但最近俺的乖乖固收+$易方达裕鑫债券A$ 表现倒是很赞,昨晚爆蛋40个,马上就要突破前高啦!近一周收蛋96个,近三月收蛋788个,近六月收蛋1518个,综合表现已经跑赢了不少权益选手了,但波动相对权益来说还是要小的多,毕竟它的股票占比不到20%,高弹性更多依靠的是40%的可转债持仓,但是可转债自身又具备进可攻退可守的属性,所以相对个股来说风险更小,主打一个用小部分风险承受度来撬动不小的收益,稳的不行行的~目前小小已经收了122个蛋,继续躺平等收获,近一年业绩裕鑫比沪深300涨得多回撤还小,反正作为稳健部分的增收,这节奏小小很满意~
○ ○ ○ ○ ○
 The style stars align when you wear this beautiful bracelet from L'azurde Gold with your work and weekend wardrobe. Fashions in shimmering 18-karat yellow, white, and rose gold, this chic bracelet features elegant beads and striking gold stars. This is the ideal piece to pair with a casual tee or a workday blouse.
○ ○ ○ ○ ○
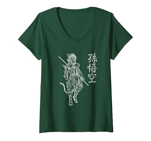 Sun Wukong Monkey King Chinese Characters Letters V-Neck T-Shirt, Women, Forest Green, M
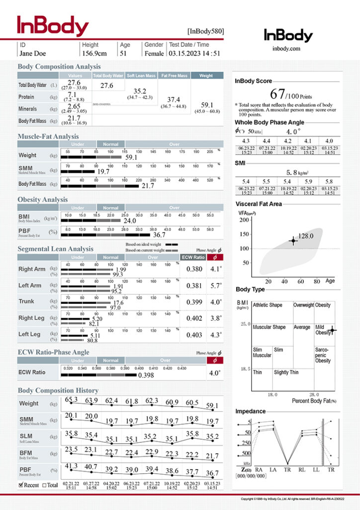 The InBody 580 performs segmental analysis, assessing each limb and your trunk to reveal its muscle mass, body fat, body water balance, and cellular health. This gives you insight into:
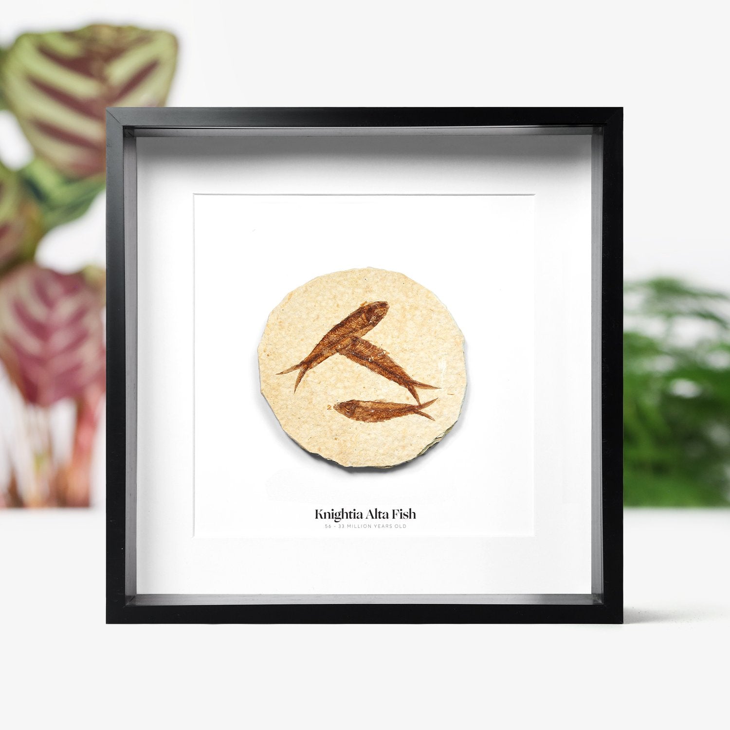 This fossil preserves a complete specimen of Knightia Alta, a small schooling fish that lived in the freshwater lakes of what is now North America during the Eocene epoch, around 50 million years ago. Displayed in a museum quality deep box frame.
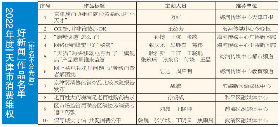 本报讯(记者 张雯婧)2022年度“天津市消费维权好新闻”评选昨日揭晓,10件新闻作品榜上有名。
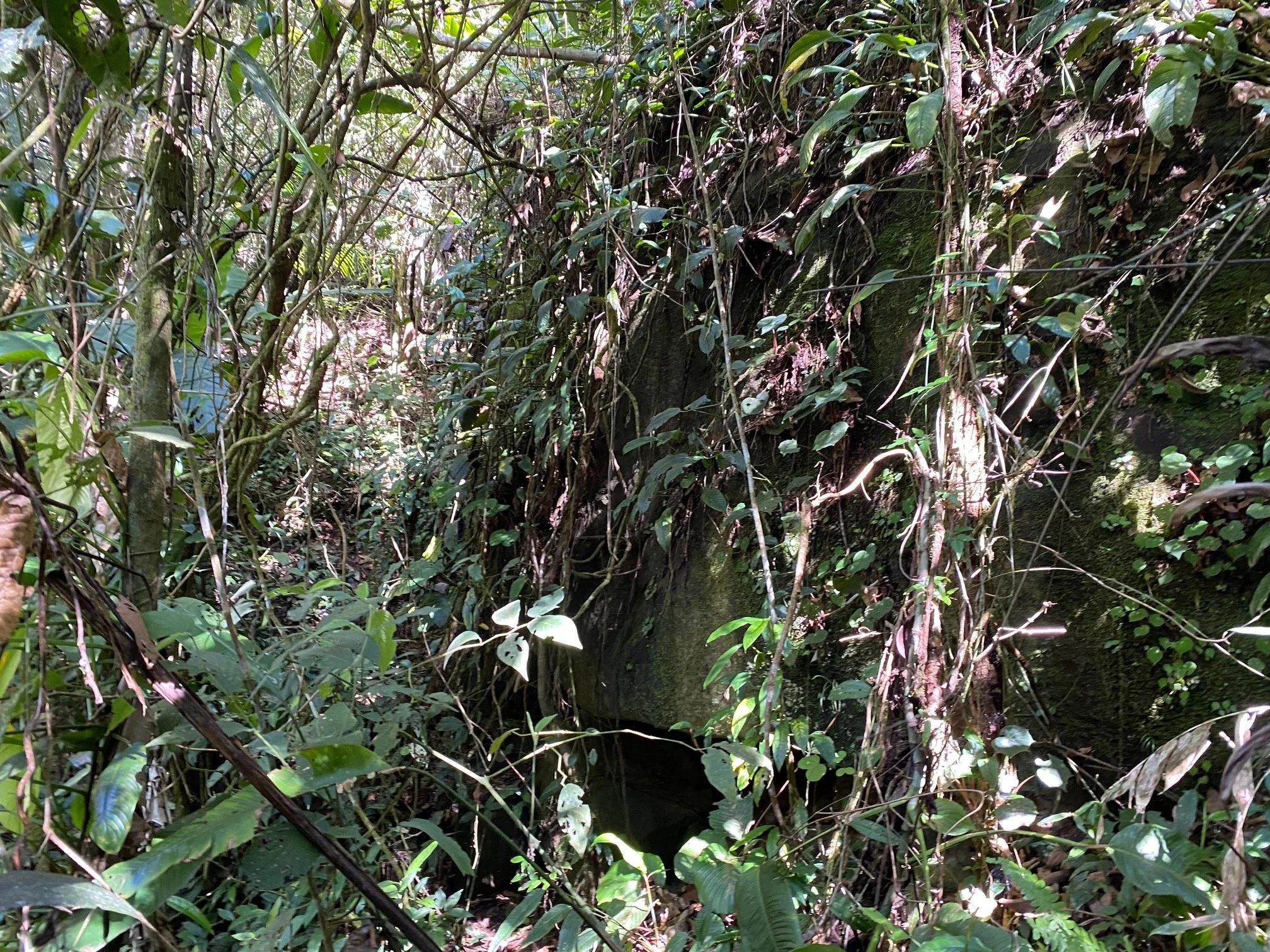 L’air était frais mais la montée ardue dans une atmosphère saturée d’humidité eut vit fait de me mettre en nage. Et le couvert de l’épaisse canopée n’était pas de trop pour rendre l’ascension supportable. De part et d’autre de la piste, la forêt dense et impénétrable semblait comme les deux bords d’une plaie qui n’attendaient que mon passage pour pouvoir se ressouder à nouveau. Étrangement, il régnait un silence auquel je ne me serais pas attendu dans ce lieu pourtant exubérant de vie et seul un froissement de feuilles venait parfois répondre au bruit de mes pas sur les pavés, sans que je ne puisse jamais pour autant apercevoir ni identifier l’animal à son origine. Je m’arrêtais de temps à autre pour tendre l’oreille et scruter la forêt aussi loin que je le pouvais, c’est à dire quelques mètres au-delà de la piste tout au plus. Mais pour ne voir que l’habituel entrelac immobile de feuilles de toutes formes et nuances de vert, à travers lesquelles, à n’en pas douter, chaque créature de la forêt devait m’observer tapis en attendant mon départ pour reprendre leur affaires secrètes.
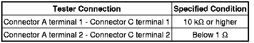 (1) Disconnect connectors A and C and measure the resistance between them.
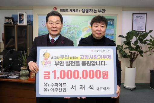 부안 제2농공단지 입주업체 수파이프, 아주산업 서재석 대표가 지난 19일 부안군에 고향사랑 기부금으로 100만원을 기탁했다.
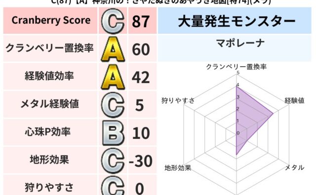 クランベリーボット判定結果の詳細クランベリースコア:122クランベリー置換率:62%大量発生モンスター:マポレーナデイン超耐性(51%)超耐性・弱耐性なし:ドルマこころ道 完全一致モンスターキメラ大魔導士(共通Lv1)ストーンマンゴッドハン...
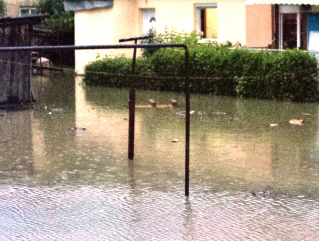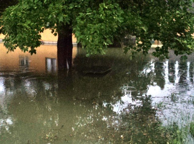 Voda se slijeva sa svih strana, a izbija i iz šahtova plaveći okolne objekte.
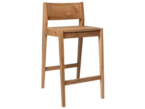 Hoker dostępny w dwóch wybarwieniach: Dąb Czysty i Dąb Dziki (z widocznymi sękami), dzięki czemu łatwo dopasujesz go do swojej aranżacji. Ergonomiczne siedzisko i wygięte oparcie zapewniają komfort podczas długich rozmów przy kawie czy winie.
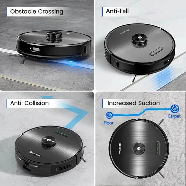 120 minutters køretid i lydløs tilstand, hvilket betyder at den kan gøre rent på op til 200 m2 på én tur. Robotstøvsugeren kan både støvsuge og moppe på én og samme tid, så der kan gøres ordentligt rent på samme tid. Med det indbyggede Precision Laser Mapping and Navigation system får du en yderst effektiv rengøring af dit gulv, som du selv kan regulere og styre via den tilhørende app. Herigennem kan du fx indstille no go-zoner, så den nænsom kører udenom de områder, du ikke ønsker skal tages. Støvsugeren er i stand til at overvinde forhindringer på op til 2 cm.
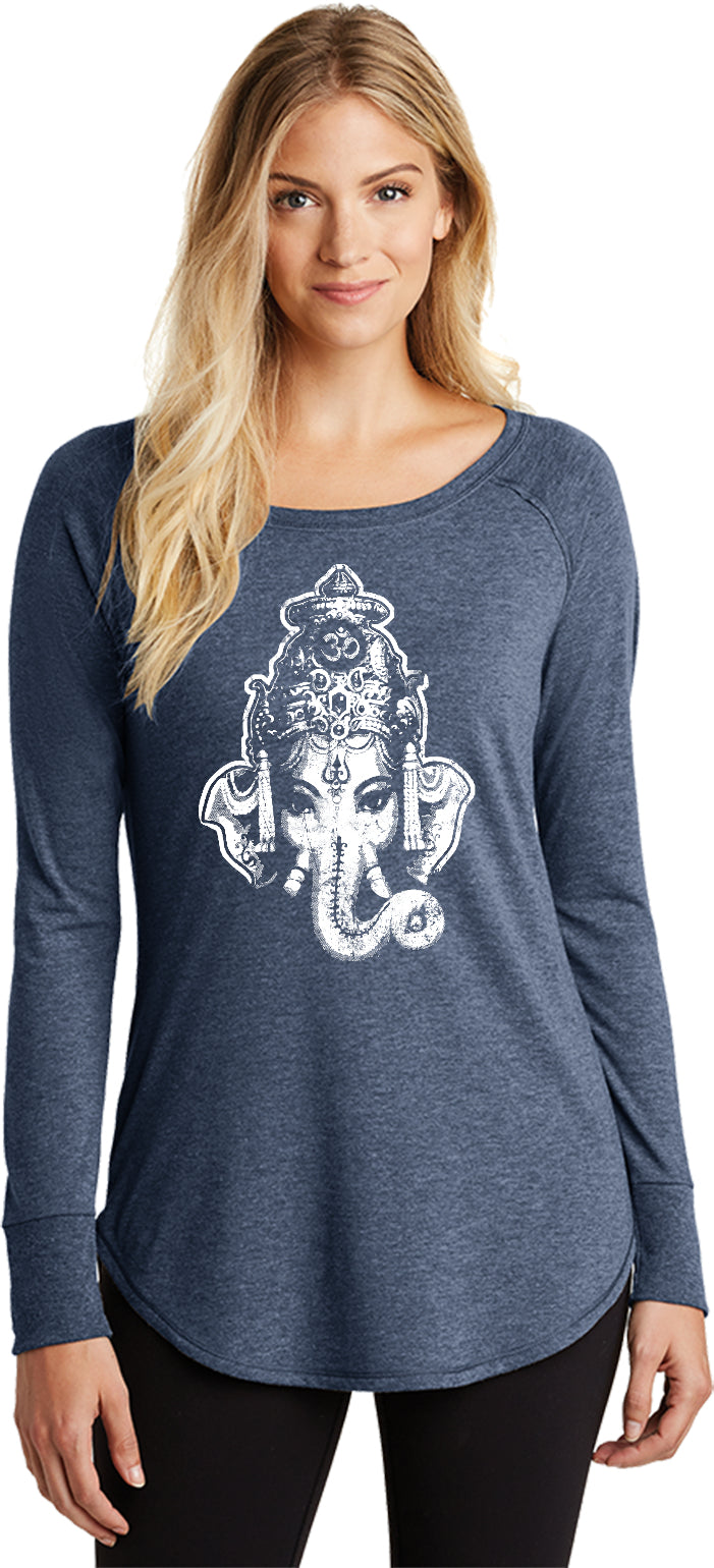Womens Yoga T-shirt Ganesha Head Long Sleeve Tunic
○ ○ ○ ○ ○
* [WORK INSTRUCTION] Quote word for word only the lines above from the one containing "This fossil preserves" through the one containing "本报讯(记者 张雯婧)202". Pictures stay out of your copy.

* [THE ANSWER]
 This fossil preserves a complete specimen of Knightia Alta, a small schooling fish that lived in the freshwater lakes of what is now North America during the Eocene epoch, around 50 million years ago. Displayed in a museum quality deep box frame.
 本报讯(记者 张雯婧)2022年度“天津市消费维权好新闻”评选昨日揭晓,10件新闻作品榜上有名。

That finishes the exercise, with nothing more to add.